L2 penalty (regularization term) parameter.


batch_size - int, default = ’auto’

Size of minibatches for stochastic optimizers. If the solver is ‘lbfgs’, the classifier will not use minibatch. When set to “auto”, batch_size=min(200, n_samples)


learning_rate - {‘constant’, ‘invscaling’, ‘adaptive’}, default = ’constant’

Learning rate schedule for weight updates.

  • ‘constant’ is a constant learning rate given by ‘learning_rate_init’.

  • ‘invscaling’ gradually decreases the learning rate at each time step ‘t’ using an inverse scaling exponent of ‘power_t’. effective_learning_rate = learning_rate_init / pow(t, power_t)

  • ‘adaptive’ keeps the learning rate constant to ‘learning_rate_init’ as long as training loss keeps decreasing. Each time two consecutive epochs fail to decrease training loss by at least tol, or fail to increase validation score by at least tol if ‘early_stopping’ is on, the current learning rate is divided by 5.

Only used when solver='sgd'.


learning_rate_init - double, default = 0.001

The initial learning rate used. It controls the step-size in updating the weights. Only used when solver=’sgd’ or ‘adam’.


power_t - double, default = 0.5

The exponent for inverse scaling learning rate. It is used in updating effective learning rate when the learning_rate is set to ‘invscaling’. Only used when solver=’sgd’.


max_iter - int, default = 200

Maximum number of iterations. The solver iterates until convergence (determined by ‘tol’) or this number of iterations. For stochastic solvers (‘sgd’, ‘adam’), note that this determines the number of epochs (how many times each data point will be used), not the number of gradient steps.


shuffle - bool, default = True

Whether to shuffle samples in each iteration. Only used when solver=’sgd’ or ‘adam’.


random_state - int, RandomState instance or None, default = None

If int, random_state is the seed used by the random number generator; If RandomState instance, random_state is the random number generator; If None, the random number generator is the RandomState instance used.


tol - float, default = 1e-4

Tolerance for the optimization.
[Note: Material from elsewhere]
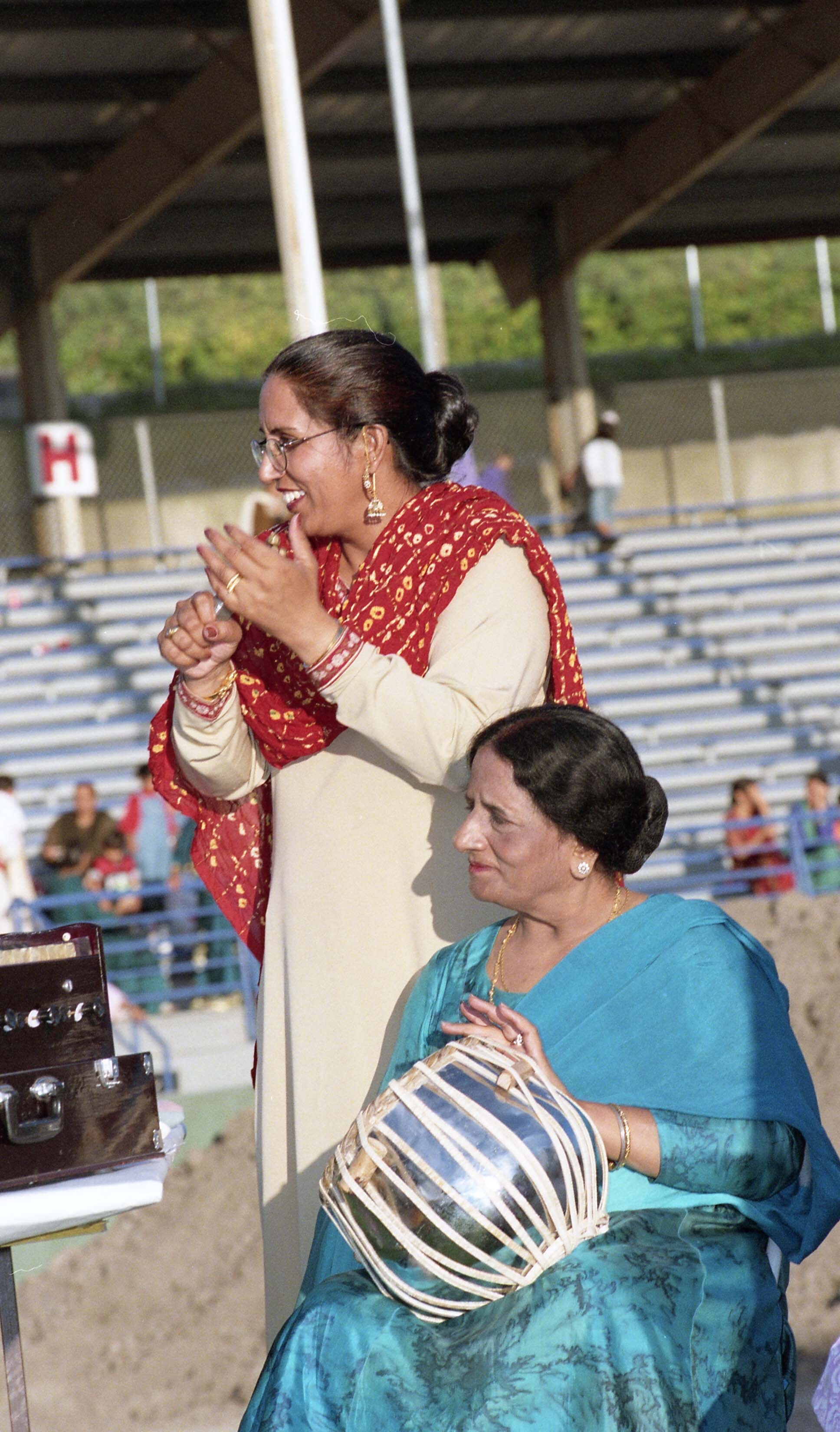 Photograph of Surinder Kaur and an unidentified individual playing Panjabi folk musical instruments at a Teeyan (Teej) festival celebration hosted by the India Mahila Association[?] on August 2, 1998[?]. The event was held in Cloverdale, in Surrey, British Columbia (B.C.).

When the loss or score is not improving by at least tol for n_iter_no_change consecutive iterations, unless learning_rate is set to ‘adaptive’, convergence is considered to be reached and training stops.


warm_start - bool, default = False

When set to True, reuse the solution of the previous call to fit as initialization, otherwise, just erase the previous solution.


momentum - float, default = 0.9

Momentum for gradient descent update. Should be between 0 and 1. Only used when solver=’sgd’.


nesterovs_momentum - boolean, default = True

Whether to use Nesterov’s momentum. Only used when solver=’sgd’ and momentum > 0.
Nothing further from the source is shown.